Today’s teens (and tweens) are bombarded with subtle and not so subtle messages of sex. Combine that with surging hormones and its no wonder that many parents jokingly consider locking their daughters in their rooms until the threat of an unwanted teenage pregnancy passes. But alas, locking them away won’t go far when it comes to learning how to navigate their way through the world so that they can grow into the healthy mature adults we want them to be.

When it comes to protecting your daughter from unwanted pregnancy, as well as sexually transmitted diseases you must communicate with her about the facts of reproductive health. Remember, studies show that children want to hear this information from their parents, even though it might not always seem like they’re listening. Some parents think knowledge of sex leads to a loss of innocence. But a well informed girl with the support of her parents will be empowered to make better choices for herself in the long run.
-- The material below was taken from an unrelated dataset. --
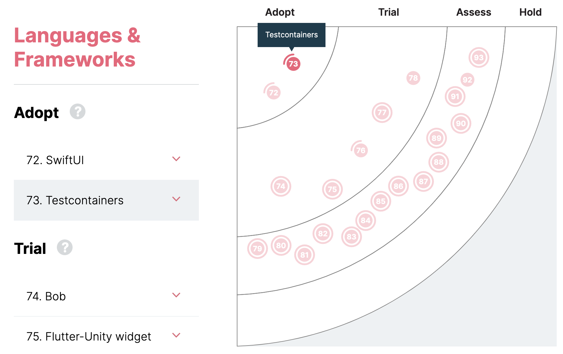 Also, besides the growing raw download numbers Testcontainers is getting excellent feedback from thought leadership giants in the industry. The latest release of the Technology Radar by Thoughtworks puts Testcontainers into the great company of technologies you should adopt.

Although some parents start talking about sex much earlier, your daughter should have a good understanding of the mechanics of sex and how to prevent pregnancy by the time she starts her period. It’s best that she gets her facts from you rather than the media or misinformed peers.

Sometimes kids get this information in school but the best way for you to be sure she knows is to talk to her yourself. This is better accomplished through many small talks rather than one big talk. Don’t always wait for her to ask you. Take advantage of teachable moments to ask her what she think sabout a sex related topic and have her explain what she knows about it so you can be sure she’s got her facts straight.
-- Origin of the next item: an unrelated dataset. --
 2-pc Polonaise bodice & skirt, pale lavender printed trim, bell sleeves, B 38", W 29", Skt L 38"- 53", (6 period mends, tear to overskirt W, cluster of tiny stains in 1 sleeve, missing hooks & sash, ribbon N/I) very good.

Taking the time to be clear about your own values will help in passing them on to your daughter. Let her know if you think sex is something only adults should do or only married adults do. Set the expectation that she will wait to have sex until she is much older. Encourage her in developing her personal talents while maintaining strong family connections. If you have troubles communicating with your daughter then enlist the help of a trusted friend or family member so that she has someone to open up to.

If you suspect your daughter may be having sex or thinking about having sex, don’t be afraid to approach her in a supportive and open manner. It’s extremely important that she has a pelvic exam and uses proper birth control as well as a condom to prevent STDs. Support is also available from your doctor, the school nurse or Planned Parenthood. Also check your library for the many books on the topic of teens and sex.

Sometimes we’d like to keep our kids young forever. But the fact is that they all grow up eventually and it’s our job as parents to guide them into a healthy and fulfilling adulthood. Talking openly about sex is just as important as learning to look both ways when you cross the street.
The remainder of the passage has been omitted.